Data records:
________

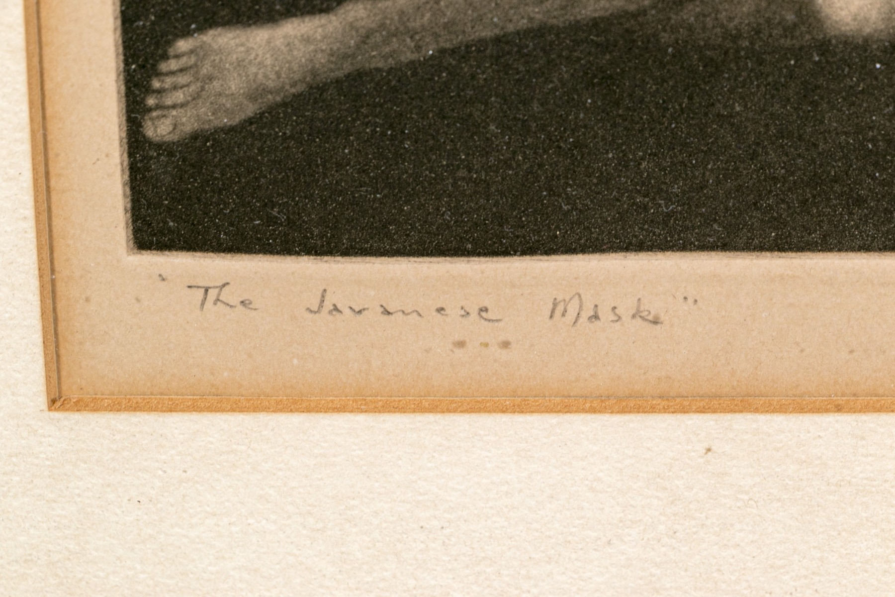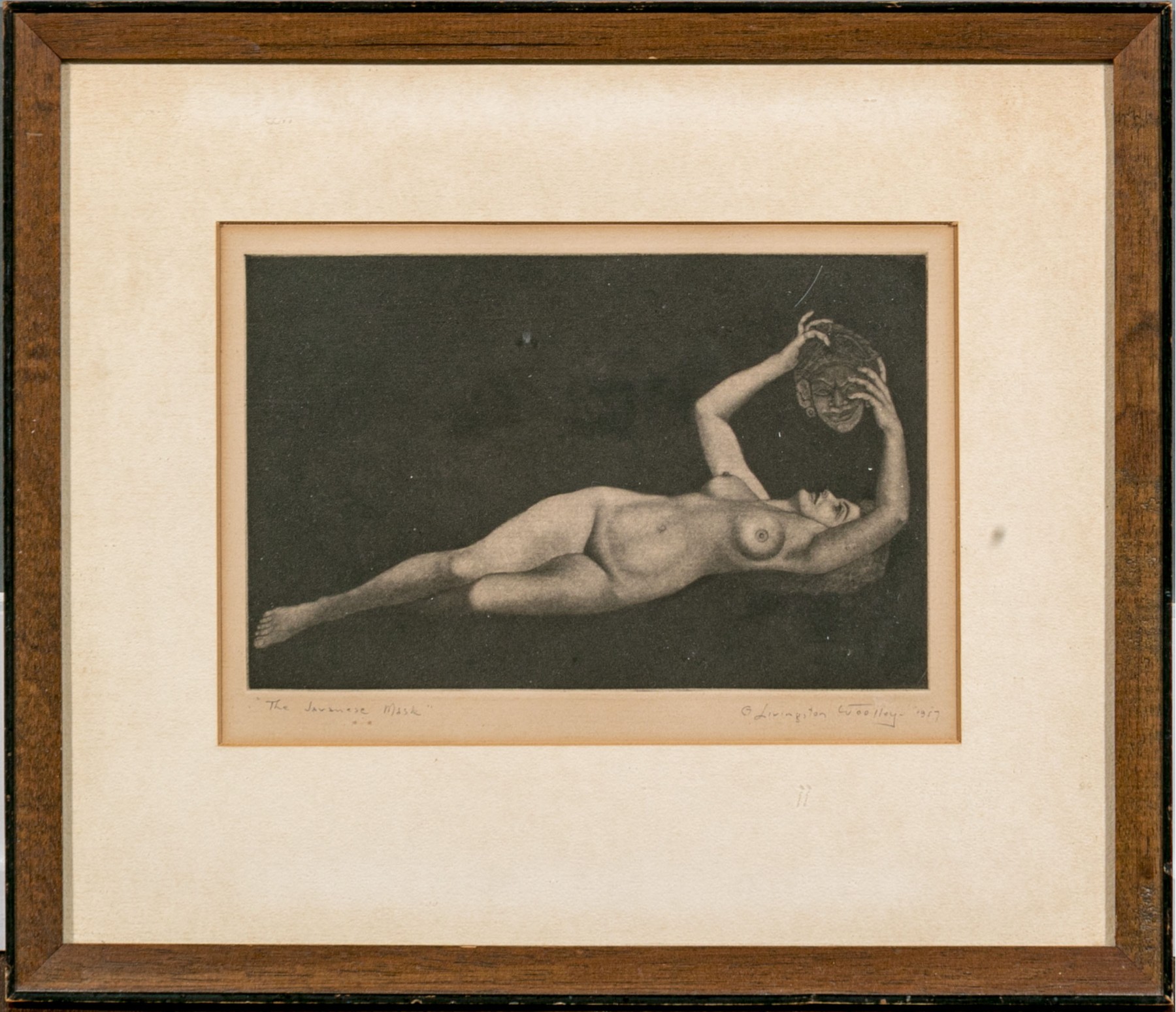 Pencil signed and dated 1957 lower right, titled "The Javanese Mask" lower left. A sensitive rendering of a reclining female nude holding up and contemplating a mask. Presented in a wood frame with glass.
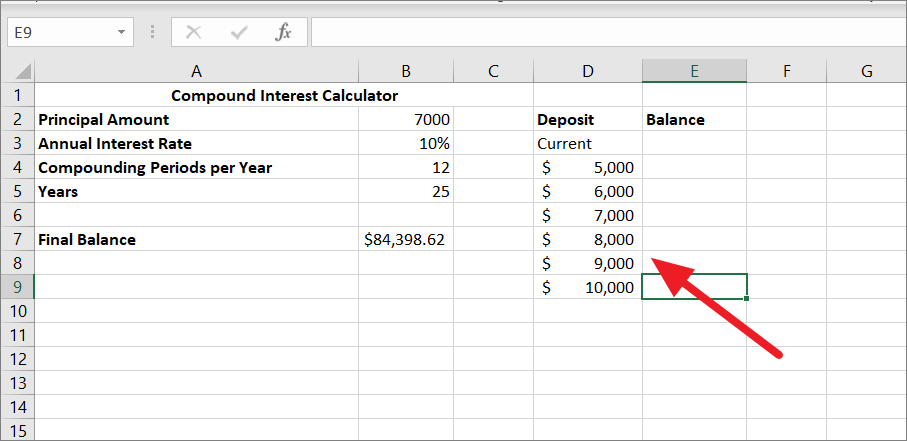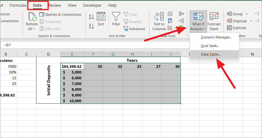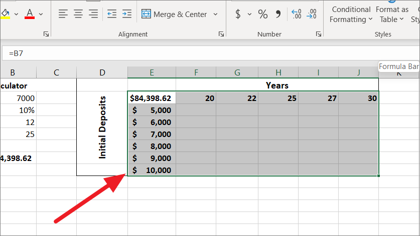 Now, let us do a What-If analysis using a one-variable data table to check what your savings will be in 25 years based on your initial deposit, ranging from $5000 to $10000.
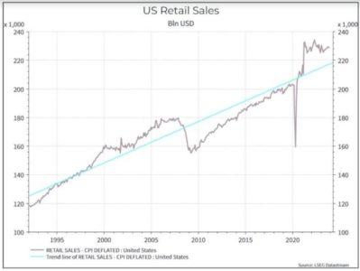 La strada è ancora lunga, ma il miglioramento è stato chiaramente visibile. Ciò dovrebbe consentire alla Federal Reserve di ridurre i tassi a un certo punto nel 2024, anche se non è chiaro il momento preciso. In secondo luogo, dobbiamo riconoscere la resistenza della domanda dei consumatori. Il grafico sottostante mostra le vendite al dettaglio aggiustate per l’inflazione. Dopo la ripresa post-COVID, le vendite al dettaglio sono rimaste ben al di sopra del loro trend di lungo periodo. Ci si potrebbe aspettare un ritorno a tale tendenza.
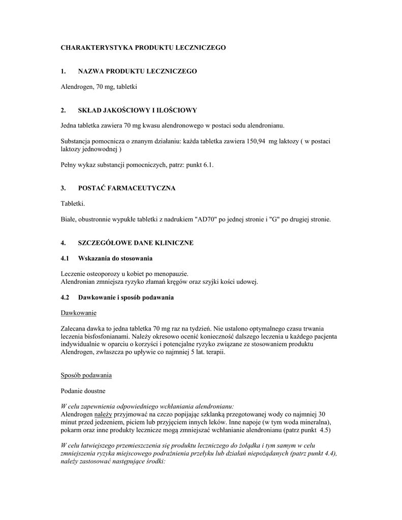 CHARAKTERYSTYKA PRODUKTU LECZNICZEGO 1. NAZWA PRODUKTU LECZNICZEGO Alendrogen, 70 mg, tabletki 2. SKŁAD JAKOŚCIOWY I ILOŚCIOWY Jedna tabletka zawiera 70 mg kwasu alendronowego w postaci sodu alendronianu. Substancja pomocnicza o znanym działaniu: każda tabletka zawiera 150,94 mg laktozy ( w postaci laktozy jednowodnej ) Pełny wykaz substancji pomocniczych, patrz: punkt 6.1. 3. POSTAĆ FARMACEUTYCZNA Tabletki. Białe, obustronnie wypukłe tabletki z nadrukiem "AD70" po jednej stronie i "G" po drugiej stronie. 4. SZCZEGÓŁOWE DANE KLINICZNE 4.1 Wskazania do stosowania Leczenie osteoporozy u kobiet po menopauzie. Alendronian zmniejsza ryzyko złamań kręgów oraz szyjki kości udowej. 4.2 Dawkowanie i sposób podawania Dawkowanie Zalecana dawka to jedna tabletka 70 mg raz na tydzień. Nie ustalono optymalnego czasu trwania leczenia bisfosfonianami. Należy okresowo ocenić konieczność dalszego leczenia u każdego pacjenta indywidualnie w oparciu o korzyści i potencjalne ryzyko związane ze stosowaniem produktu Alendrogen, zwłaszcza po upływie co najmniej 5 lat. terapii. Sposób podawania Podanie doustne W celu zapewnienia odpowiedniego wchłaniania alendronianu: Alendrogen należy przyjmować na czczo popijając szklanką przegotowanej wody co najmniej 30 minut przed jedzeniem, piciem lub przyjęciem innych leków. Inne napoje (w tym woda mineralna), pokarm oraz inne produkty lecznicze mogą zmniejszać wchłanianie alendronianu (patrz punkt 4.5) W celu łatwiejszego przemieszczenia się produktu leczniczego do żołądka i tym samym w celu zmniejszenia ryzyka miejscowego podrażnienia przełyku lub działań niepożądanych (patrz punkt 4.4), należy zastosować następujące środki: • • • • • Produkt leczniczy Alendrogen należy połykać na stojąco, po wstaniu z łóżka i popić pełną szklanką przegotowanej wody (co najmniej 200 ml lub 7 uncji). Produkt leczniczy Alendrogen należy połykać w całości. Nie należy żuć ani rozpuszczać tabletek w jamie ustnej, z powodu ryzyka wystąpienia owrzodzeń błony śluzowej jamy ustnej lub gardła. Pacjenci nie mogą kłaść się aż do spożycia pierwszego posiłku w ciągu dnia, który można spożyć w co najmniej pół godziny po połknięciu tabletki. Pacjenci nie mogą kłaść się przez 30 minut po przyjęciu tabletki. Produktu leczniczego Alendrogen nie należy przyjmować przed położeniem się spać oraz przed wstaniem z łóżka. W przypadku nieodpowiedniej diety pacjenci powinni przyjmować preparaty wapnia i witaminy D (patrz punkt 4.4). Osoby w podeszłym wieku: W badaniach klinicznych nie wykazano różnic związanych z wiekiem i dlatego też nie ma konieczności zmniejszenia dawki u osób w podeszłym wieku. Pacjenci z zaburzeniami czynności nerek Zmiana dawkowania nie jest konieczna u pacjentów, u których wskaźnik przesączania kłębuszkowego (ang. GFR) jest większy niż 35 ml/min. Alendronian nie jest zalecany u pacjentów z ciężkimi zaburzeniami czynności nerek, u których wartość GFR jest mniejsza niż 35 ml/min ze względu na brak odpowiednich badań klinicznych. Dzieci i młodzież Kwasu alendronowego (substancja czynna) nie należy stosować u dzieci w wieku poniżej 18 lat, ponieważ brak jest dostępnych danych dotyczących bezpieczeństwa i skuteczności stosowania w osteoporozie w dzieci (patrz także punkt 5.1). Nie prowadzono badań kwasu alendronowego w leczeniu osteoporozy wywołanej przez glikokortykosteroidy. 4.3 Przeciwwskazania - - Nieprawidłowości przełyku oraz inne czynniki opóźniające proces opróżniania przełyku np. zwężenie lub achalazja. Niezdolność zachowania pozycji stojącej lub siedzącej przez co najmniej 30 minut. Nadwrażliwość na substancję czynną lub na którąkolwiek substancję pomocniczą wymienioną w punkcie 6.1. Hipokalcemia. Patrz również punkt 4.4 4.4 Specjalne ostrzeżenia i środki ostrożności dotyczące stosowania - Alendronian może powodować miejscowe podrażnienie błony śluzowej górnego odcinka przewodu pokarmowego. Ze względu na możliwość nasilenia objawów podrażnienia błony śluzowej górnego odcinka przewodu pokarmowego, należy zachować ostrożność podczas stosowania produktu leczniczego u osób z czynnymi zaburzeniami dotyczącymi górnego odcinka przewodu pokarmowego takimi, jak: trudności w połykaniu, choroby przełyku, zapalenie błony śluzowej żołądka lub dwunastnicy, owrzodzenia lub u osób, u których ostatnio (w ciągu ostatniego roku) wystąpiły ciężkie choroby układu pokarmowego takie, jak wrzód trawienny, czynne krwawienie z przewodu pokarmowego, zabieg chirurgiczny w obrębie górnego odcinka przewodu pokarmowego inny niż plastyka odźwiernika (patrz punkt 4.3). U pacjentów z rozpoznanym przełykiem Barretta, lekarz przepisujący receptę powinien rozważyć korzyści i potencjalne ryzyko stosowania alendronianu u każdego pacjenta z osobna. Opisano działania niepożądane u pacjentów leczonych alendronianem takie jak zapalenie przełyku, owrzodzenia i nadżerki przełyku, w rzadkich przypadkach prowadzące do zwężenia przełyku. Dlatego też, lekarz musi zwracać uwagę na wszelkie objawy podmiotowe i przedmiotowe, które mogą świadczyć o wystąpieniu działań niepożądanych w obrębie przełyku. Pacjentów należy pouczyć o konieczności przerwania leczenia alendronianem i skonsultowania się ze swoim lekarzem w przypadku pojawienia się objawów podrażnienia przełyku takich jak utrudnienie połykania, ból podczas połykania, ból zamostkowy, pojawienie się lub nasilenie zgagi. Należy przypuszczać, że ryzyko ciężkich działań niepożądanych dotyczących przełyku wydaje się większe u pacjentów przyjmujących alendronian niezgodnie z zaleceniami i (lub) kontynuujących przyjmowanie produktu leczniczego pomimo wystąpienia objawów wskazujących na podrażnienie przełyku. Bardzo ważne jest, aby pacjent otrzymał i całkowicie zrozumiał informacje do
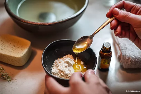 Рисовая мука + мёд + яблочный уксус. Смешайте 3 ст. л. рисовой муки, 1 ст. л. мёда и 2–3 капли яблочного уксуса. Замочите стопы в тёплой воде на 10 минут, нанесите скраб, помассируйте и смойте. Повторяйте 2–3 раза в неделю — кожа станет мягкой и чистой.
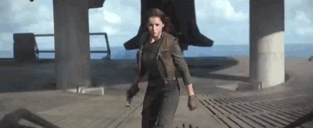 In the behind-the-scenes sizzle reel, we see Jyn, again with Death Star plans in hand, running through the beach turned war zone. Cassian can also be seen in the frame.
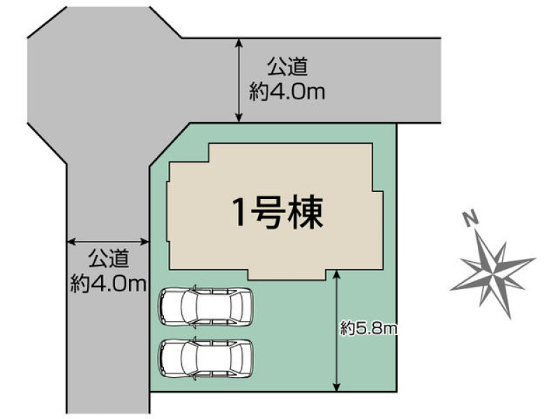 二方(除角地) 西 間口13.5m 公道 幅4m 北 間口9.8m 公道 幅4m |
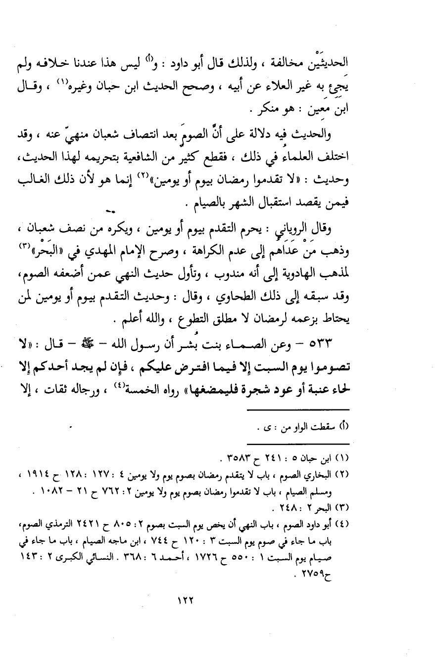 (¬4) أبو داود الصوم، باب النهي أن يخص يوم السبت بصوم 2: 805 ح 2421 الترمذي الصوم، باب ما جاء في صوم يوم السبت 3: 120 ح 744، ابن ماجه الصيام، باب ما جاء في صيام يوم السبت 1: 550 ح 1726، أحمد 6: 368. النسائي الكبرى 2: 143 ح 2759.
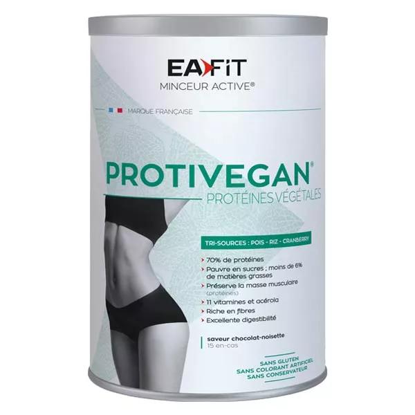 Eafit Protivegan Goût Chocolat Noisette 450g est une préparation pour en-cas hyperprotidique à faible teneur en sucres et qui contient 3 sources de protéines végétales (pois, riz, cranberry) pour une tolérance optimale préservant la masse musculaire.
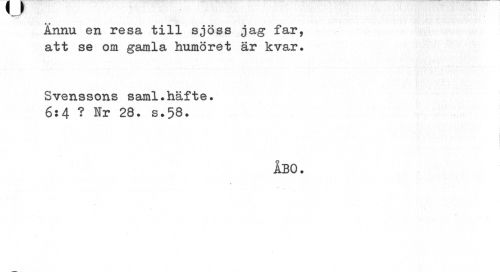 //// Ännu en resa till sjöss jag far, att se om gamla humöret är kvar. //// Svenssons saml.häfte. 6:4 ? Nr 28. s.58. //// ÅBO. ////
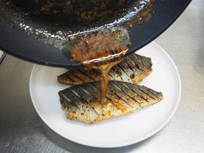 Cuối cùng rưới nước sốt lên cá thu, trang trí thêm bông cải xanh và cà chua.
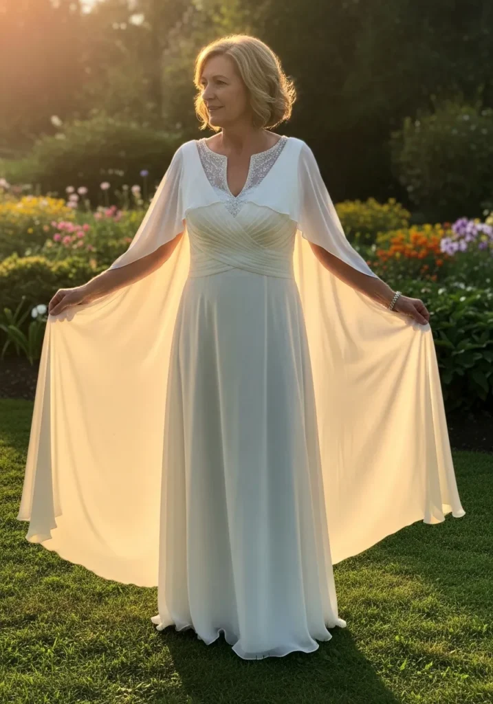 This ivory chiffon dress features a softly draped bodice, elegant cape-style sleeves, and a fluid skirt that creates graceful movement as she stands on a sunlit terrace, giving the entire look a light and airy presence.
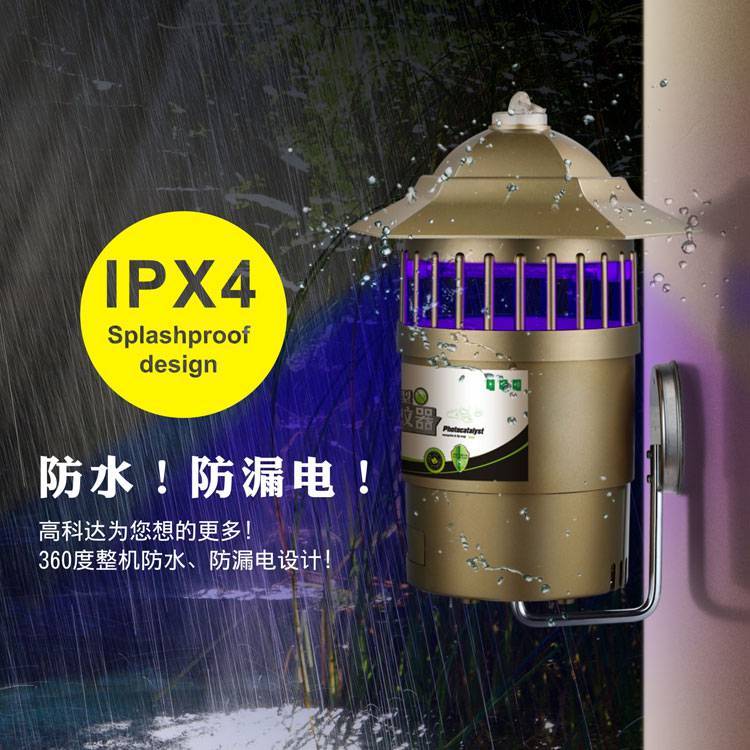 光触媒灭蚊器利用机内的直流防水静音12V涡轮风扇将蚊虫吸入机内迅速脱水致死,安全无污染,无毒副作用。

________

● **PROMPT**:
Nothing outside the stretch above, from the line with "s.58. //// ÅBO. ////" through the line with "Cuối cùng rưới", is set down. Transcribe that stretch exactly, ends included, but not its pictures.

● **RESULT**:
 //// Ännu en resa till sjöss jag far, att se om gamla humöret är kvar. //// Svenssons saml.häfte. 6:4 ? Nr 28. s.58. //// ÅBO. ////
 Cuối cùng rưới nước sốt lên cá thu, trang trí thêm bông cải xanh và cà chua.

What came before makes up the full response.